From a regional perspective, rental growth across the prime office market in Central London is anticipated to outpace most other regions over the coming twelve months. Interestingly however, the secondary office market in the South East now displays slightly positive annual rental projections, making
it the only region in which an upturn in the secondary office sector is expected.
On the investment side of the market, a net balance of +32% of contributors saw an increase in buyer enquiries at the all- property level during Q1. This is up from a reading of +19% in each of the past two quarters and is in fact the strongest figure posted since Q3 2015. Moreover, for the first time since 2017, the investment enquiries indicator is now in positive territory across each of the three traditional market sectors (office, industrial and retail), albeit only marginally so for retail.
In net balance terms, capital value expectations for the year ahead were revised higher (or became less negative) in both prime and secondary portions of the office and retail markets.

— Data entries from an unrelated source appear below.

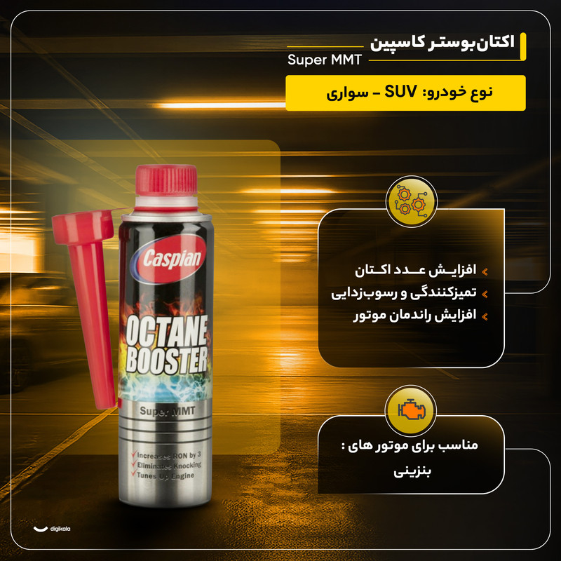 این محصول که در دسته مکمل سوخت قرار میگیرد، یک اکتانبوستر قدرتمند است که عملکردی چندوجهی را برای بهبود کیفیت سوخت و سلامت موتورهای بنزینی فراهم میکند. این مکمل در قوطیهایی با حجم ۳۰۰ میلیلیتر عرضه میشود. کارکرد مکمل Super MMT چندگانه است و مهمترین عملکرد آن شامل افزایش عدد اکتان است که به کاهش ناک زدن موتور و بهبود عملکرد کلی احتراق کمک میکند. علاوه بر این، این فرمولاسیون دارای خاصیت تمیزکنندگی و رسوبزدایی از سیستم سوخترسانی بوده که به طور مستقیم منجر به افزایش راندمان موتور میشود. این مکمل برای طیف گستردهای از خودروها شامل سواری و SUV توصیه میشود. به طور خاص، برای خودروهایی همچون انواع مدلهای پژو مانند ۲۰۰۸، ۲۰۶، ۲۰۷، ۴۰۵، و پارس و همچنین طیف وسیعی از محصولات ام وی ام شامل مدلهای X33، X55 و ۳۱۵ کاملاً مناسب است.
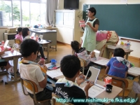 8月31日(水)に、歯科衛生士さんからむし歯にならないためにはどうするか、歯の形や役割はどんなものがあるか、歯みがきの仕方など歯についてたくさんのことを教えてもらいました。
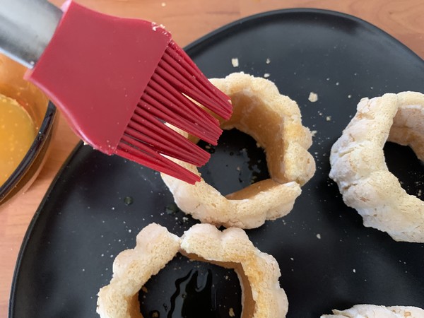 2. Ouvrir le fruit de la passion et à l’aide d’une passoire, récupérer le jus, puis à l’aide d’ide d’un pinceau en tapisser légèrement les parois intérieures des charlottes. Réserver quelques graines pour la décoration.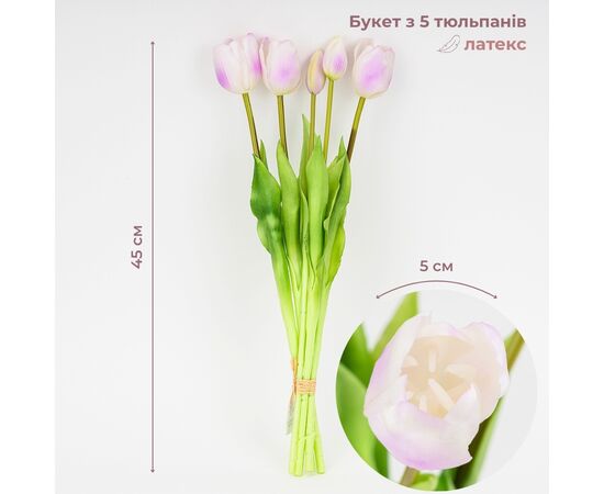 Букет латексных тюльпанов, 5 бутонов, бело-фиолетовый, 45 см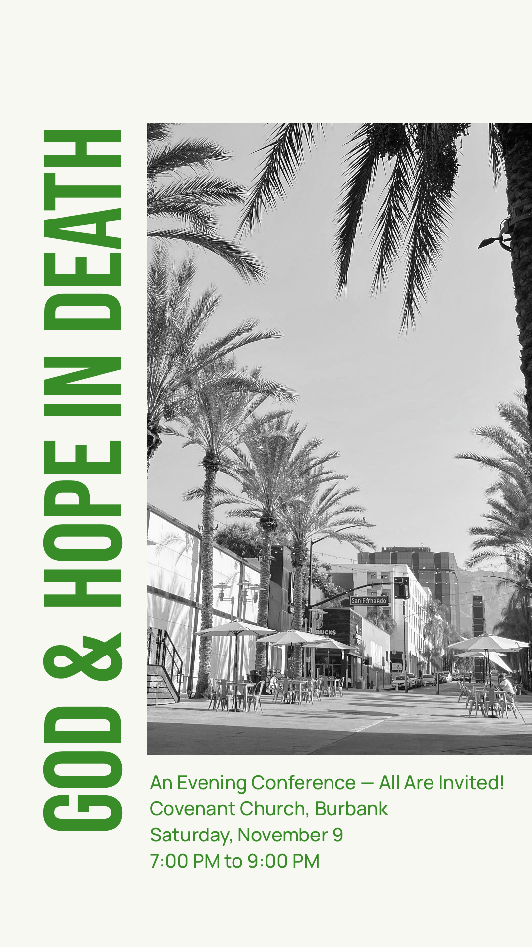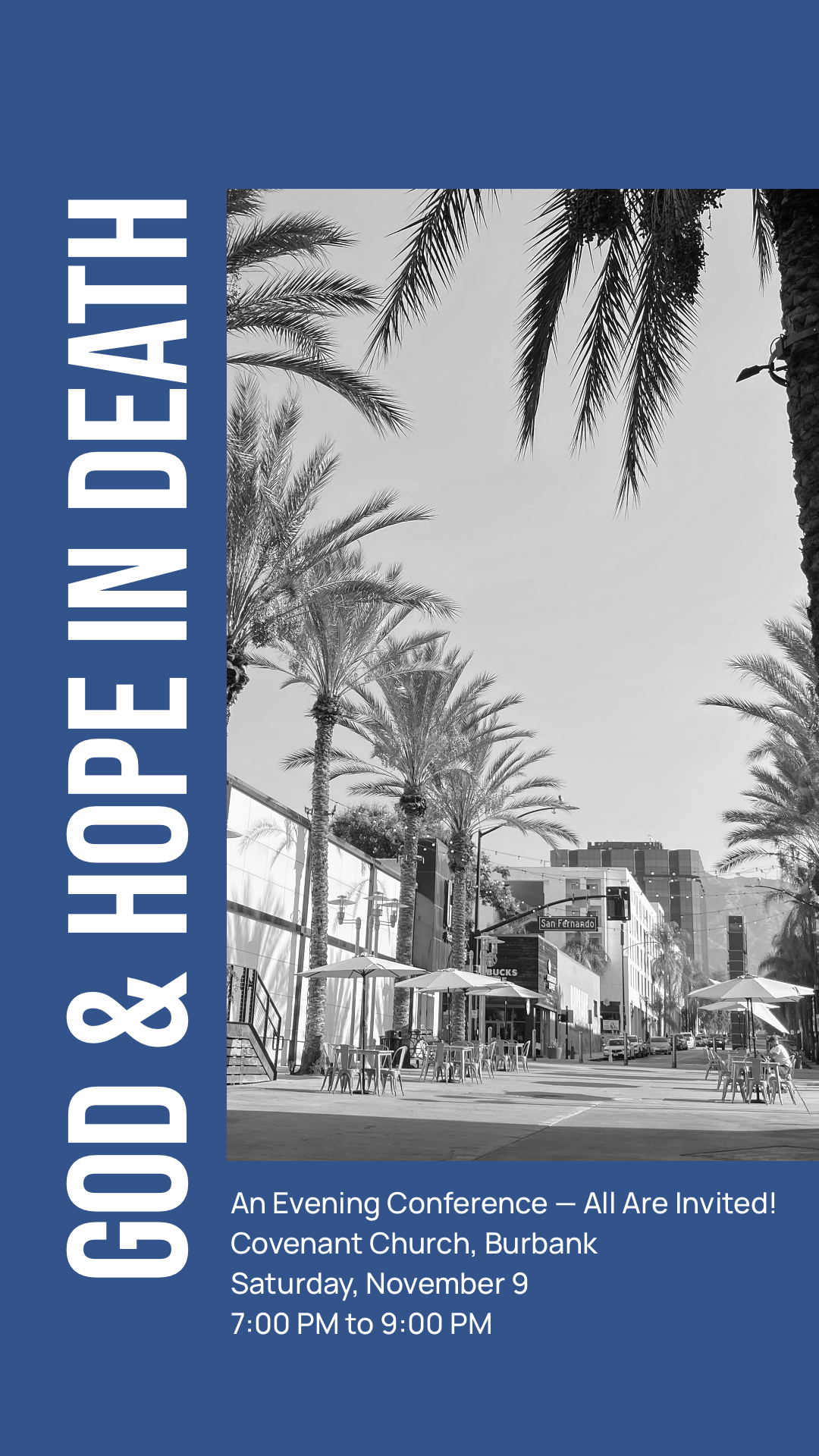 Covenant Church in Burbank presents an evening conference offering gospel hope for those grieving, and guidance for those supporting loved ones and friends, all to the glory of God.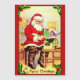 vintage Santa Claus pintando uma casa de bonecas com cartão magnético de saudação de Natal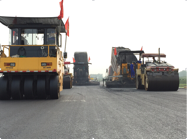 蚌寧連接線路面02標完成瀝青混凝土下面層試驗段攤鋪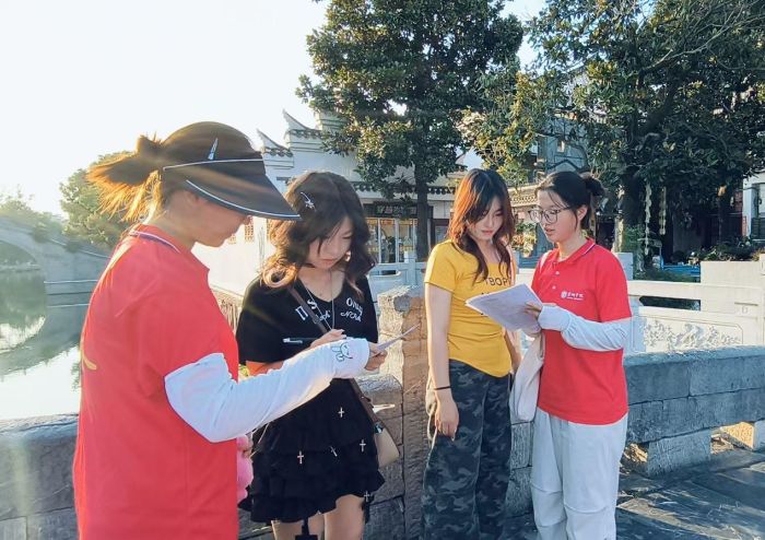 圖為實踐團成員對三河古鎮的部分游客進行與環保相關問題的訪談。牛雨婷攝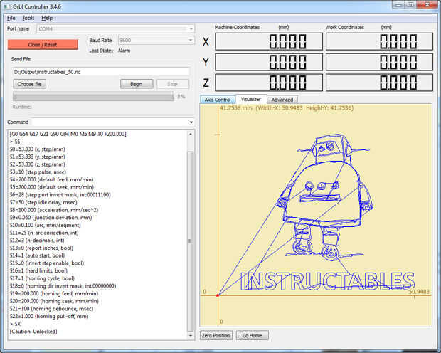 #define HOMING_SEARCH_CYCLE_0 (1 < 6 | Busque el código siguiente #define HOMING_LOCATE_CYCLE ((1< 7 | Reemplace el código con #define HOMING_LOCATE_CYCLE ((1< 6 | Guardar 7 | Vuelva a compilar el archivo grbl.hex. Usé mi Frambuesa Pi para recompilar el hex. En caso de que las cosas van mal he incluido el archivo hex modificado para usted a continuación. Usted necesitará flash tu Arduino con el nuevo hex. Si todo ha funcionado, y todos los ajustes se configuran correctamente usted debe ser capaz de ejecutar el ciclo de recalada ($H) y ver el MicroSlice cero sí mismo y estará listo para crear!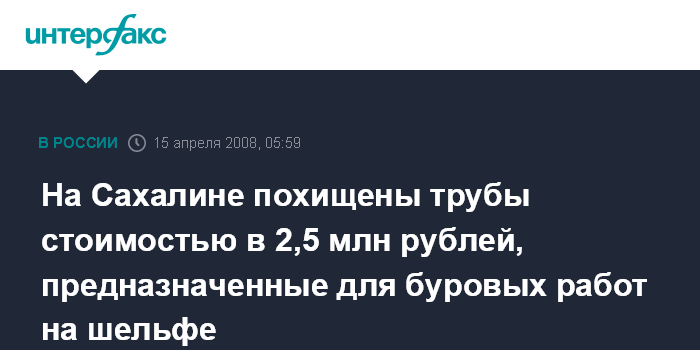Южно-Сахалинск. 15 апреля. ИНТЕРФАКС-ДАЛЬНИЙ ВОСТОК - В Холмске на территории Сахалинского западного морского порта в минувшие выходные дни со склада похищены буровые трубы.

For prime retail, the latest net balance of zero represents
the first non-negative return in almost five years. For the prime office sector, the net balance of +37% of respondents expecting a rise in capital values over the next twelve months is the firmest figure since Q4 2019. Meanwhile, although sentiment regarding the twelve-month capital value outlook across the industrial sector remains robust, the latest net balances edged down slightly from recent highs.
Turning to the alternative sectors tracked in the survey results, respondents envisage a firmly positive trend in both rents and capital values for data centres, multifamily residential, and aged care facilities over the year ahead. Furthermore, the outlook is also positive, albeit to a slightly more moderate degree, for student housing and hotels.
With respect to the latter, respondents now envisage a more consistent recovery progressing over the next twelve months having been hit hard by the pandemic since early 2020.